Little Girl Observing Lovers on a Train, also known as Travel Experience or Voyeur, is a painting by American illustrator Norman Rockwell. It was originally created for the cover of The Saturday Evening Post on 12 August 1944.

==Background==
Rockwell came up with the idea for the painting when traveling by train with servicemen and their families. The models posed for the reference photos in an unused rail car on a siding of the Rutland Railway. Rockwell was displeased with the area around the heads of the couple in his sketch that led to the final painting and covered the area with an additional sheet of paper to get the couple's pose right.

==Painting==
Little Girl Observing Lovers on a Train depicts a crowded passenger train car. A young faceless couple can be seen cuddling in one of the seats; their heads are together and their legs are intertwined on top of some luggage in the seat facing directly in front of them. The man's Army Air Force jacket hangs above the couple. The focus point of the painting is a six-year-old girl in the seat in front of the couple who is next to her mother. Unnoticed by the pair, she is kneeling on her seat and watching them. She appears to be uninterested in the intimate moment. The arm of the conductor, with a ticket in hand, can be seen in the background. The "Dixie Cup" hat of a United States Navy Sailor and the hair of his partner can be seen in the seat behind the couple.
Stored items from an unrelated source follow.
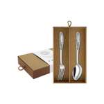 В комплект входит ложка и вилка, упакованные в коробку из картона. Длина приборов составляет 27 см.
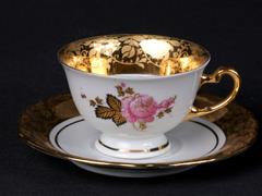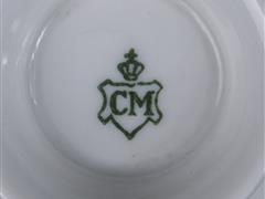 C.M. İMALAT DAMGALI. RENKLİ ÇİÇEKLERLE ALTIN YALDIZ DEKORLU.
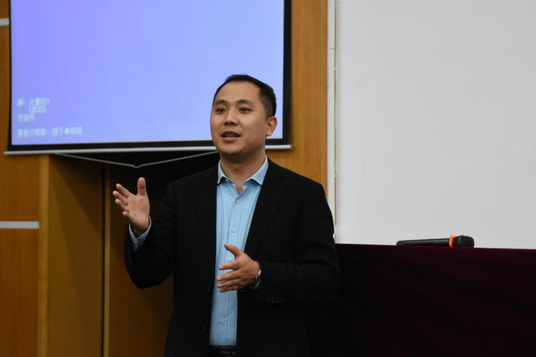 黄果树智慧旅游股份有限公司董事长张目进行点评。他亲切地以“师兄”相称,拉近了与同学们的距离,从怀才、脚踏实地、创新精神三个方面提醒同学们做事应有的态度,指出汇报人的不足并提出中肯建议。

Popular-art historian Christopher Finch found the painting to be a good example of Rockwell's matured style and compared the painting to a Henri Cartier-Bresson photo.

The painting has been in the permanent collection of the Memorial Art Gallery in Rochester, New York since 1974.

The pencil sketch for this painting is in the personal collection of George Lucas and was included in fellow filmmaker Steven Spielberg's and his 2010 show at the Smithsonian American Art Museum.